Libya’s premier under fire for reported role in normalisation with Israel

Libya’s internationally recognised prime minister has come under scrutiny for his reported role in attempting to normalise relations with Israel, analysts have said, with some calling for his dismissal.

Abdul Hamid Dbeibah, the head of the Tripoli-based Government of National Unity (GNU), sacked Foreign Minister Najla al-Mangoush after her meeting with her Israeli counterpart Eli Cohen in Rome last week was leaked to the media. She has since fled the country.On Sunday evening, a statement from the Israeli foreign ministry said al-Mangoush and Cohen had discussed ways to have “great relations” between their nations.

The meeting sparked protests Sunday night in Tripoli and other cities, with demonstrators blocking roads with burning tyres and waving Palestinian flags.

Libya’s rival parliament in the east, which rejects the GNU, said on Sunday it would hold hearings into the meeting while the Tripoli-based Presidency Council asked Dbeibah for clarification and the High State Council, another important body, condemned it.

Scapegoat?
Under a 1957 law in Libya, it is illegal to have formal relations with Israel. Analysts say al-Mangoush has taken the fall for decisions made by Libya’s rival leaders, linking the meeting with the United States’s efforts to pressure more Arab countries to normalise ties with Israel.

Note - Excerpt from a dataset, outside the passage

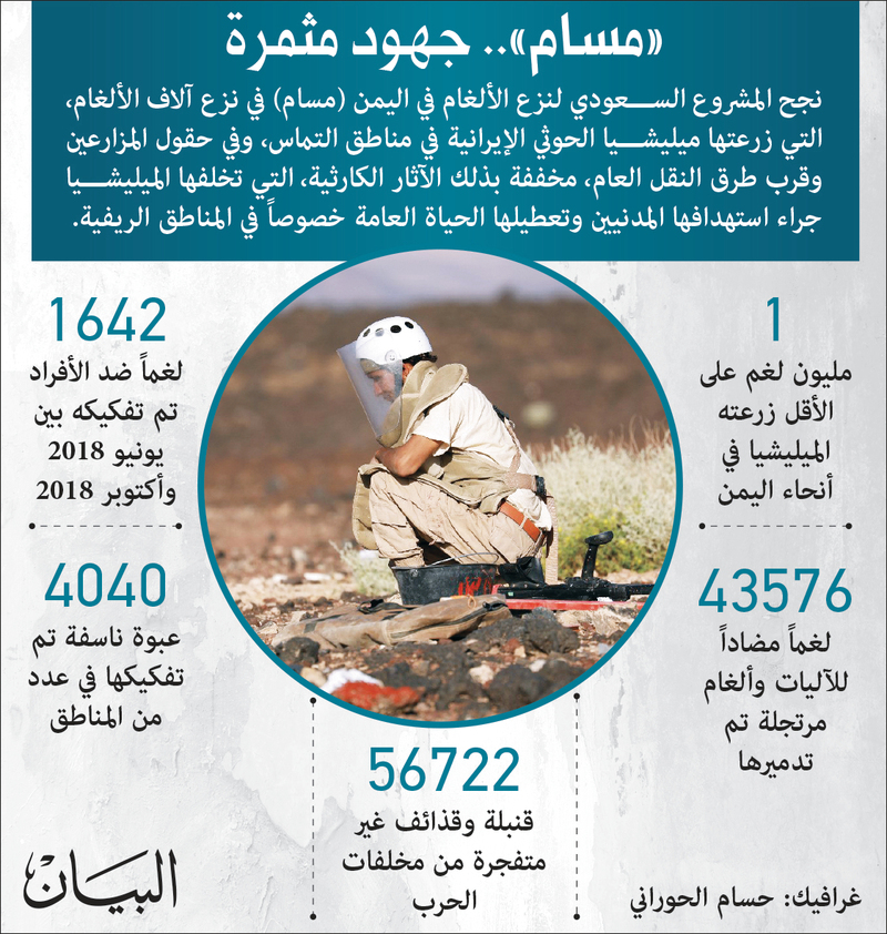 وقال المركز، إن حقول الألغام والمتفجرات تصيب الفئة الأكثر ضعفاً في مجتمع الحرب باليمن وهم النساء والأطفال، حيث إنهم الأكثر حركة وتنقلاً في القرى المأهولة والمدن المحاصرة.

Libya expert Anas El Gomati of the Sadeq Institute said Dbeibah, his rival military strongman Khalifa Haftar and the eastern-based parliament that backs him “have used Libya’s first female foreign minister as the fall person for decisions they all partook in”.

“It’s not about politics, it’s blatant scapegoating,” El Gomati told AFP.Last January, Dbeibah met with US CIA director William Burns in Tripoli to discuss normalising relations with Israel, two Libyan officials told The Associated Press.

He gave initial approval for joining the US-brokered Abraham Accords but was concerned about public backlash in a country known for its support for the Palestinian cause, one of the officials said.Omar Turbi, a former adviser to Libya’s transitional government after the overthrow of Muammar Gaddafi, said: “Dbeibah needs to go and he knows that he’s been under pressure in the last couple of weeks.”

Dbeibah is “squarely responsible” for the meeting, Turbi said, adding that the PM had met with the Israeli Mossad even before speaking to Burns, and “continued to do so with frequency”.

“The US should have better sense than trying to normalise a relationship between Libya and Israel,” he told Al Jazeera, describing Libya as “dysfunctional”.